In my last entry I mumbled something about a tricky bug in perl that was allegedly unreportable. Good so because as it turned out, it wasn't a bug at all. I had this kind of setup:

    sub search {
	my ($self, $state) = @_;
	...
	# $state->{last_search} being an array-ref of previous
	# search patterns. You were supposed to cycle through them
	# with TAB 
	my $pattern = $self->get_input($state, $state->{last_search});
	...
	# once a list of matchings songs has been returned and the user
	# chose one of them to play
	$state->playlist->play;
    }

sub get_input { my ($self, $state, $searches) = @_; ... if ($hit_key == KEY_TAB) { push @$searches, shift @$searches; goto &search; } ... return $search_pattern; }


The above is naturally just a simplification.
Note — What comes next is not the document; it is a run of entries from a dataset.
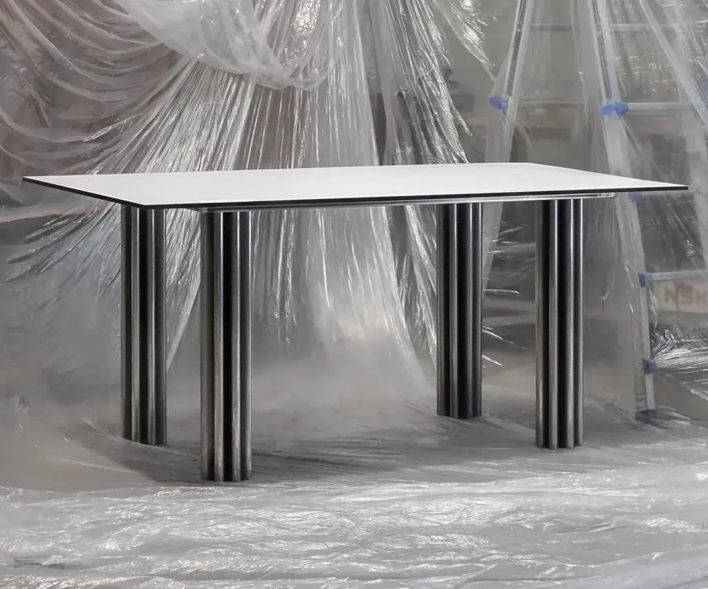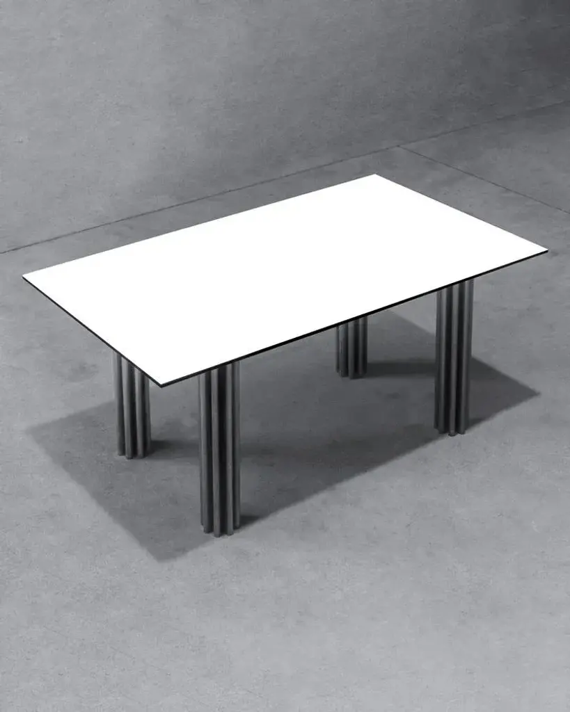 The elegant and sophisticated look of "T–T02" matches every space. The frame is designed to carry heavy weights and the flower-shaped legs are spaced to allow a versatile use. The table top is made of Fenix®, a revolutionary high-quality material, extremely resistant to scratches, low light reflectivity, anti-fingerprint surface and a soft-touch feeling. All Temper products are made of raw pickled iron. Please inquire with the Concierge for more options. Labeled by Maker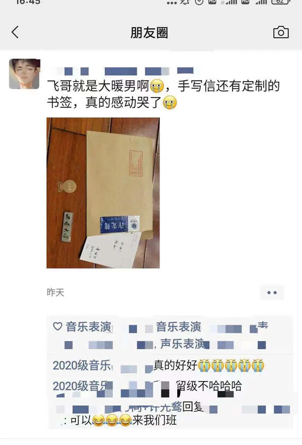 “不止是期末給我們每個(gè)人一封專屬信,飛哥一直都很暖。“西南大學(xué)音樂(lè)學(xué)院2021級(jí)崔同學(xué)稱,飛哥很有心,他入學(xué)報(bào)到第一天,飛哥來(lái)寢室,居然喊出了他的名字。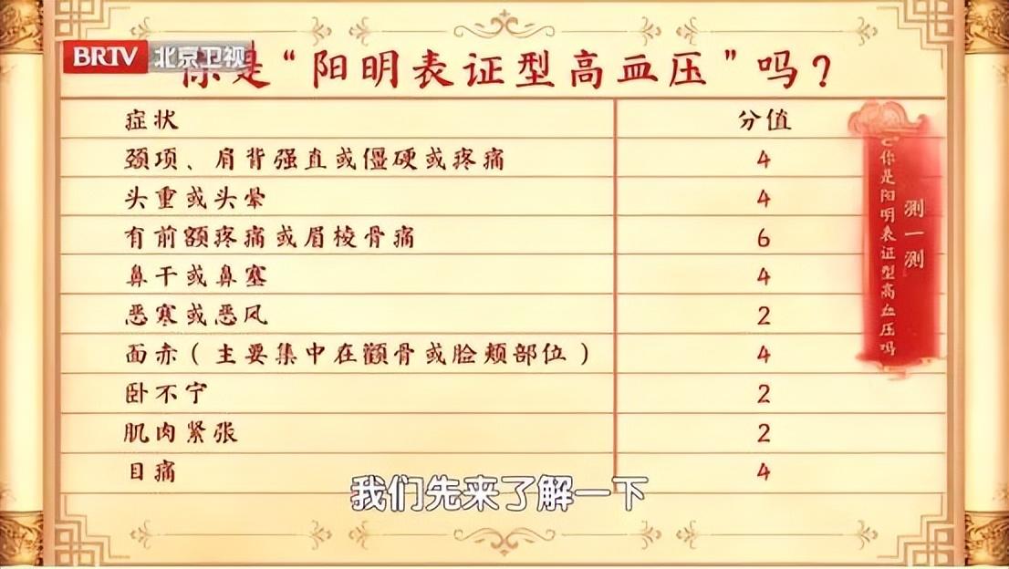 陽明表證型高血壓的症狀和經絡運行相關,頸項、肩背,是手陽明大腸經循行的部位;陽明經還會循行到鼻翼兩側,包括迎香穴、四白穴、巨髎穴的部位;前額、眉棱骨,是隻有陽明經會干預到的部位,所以前額痛、眉棱骨痛具有特異性。

There are several event-loops going on at once so I kind of had to chose such an awkward way. Now the thing is that goto &func replaces the running instance of a function with &func. When looking at search() it becomes obvious that this would eventually expand to:

    my $pattern = $self->search($state);


which is wrong as now $pattern would contain the return value of search which would be its last value evaluated ($state->playlist->play always returns 1). Now I changed things so that get_input does a goto &get_input instead.

So far I always thought that goto &func would be one of those less harmful things. But in fact, it's even worse than anything Dijkstra described in his pamphlet.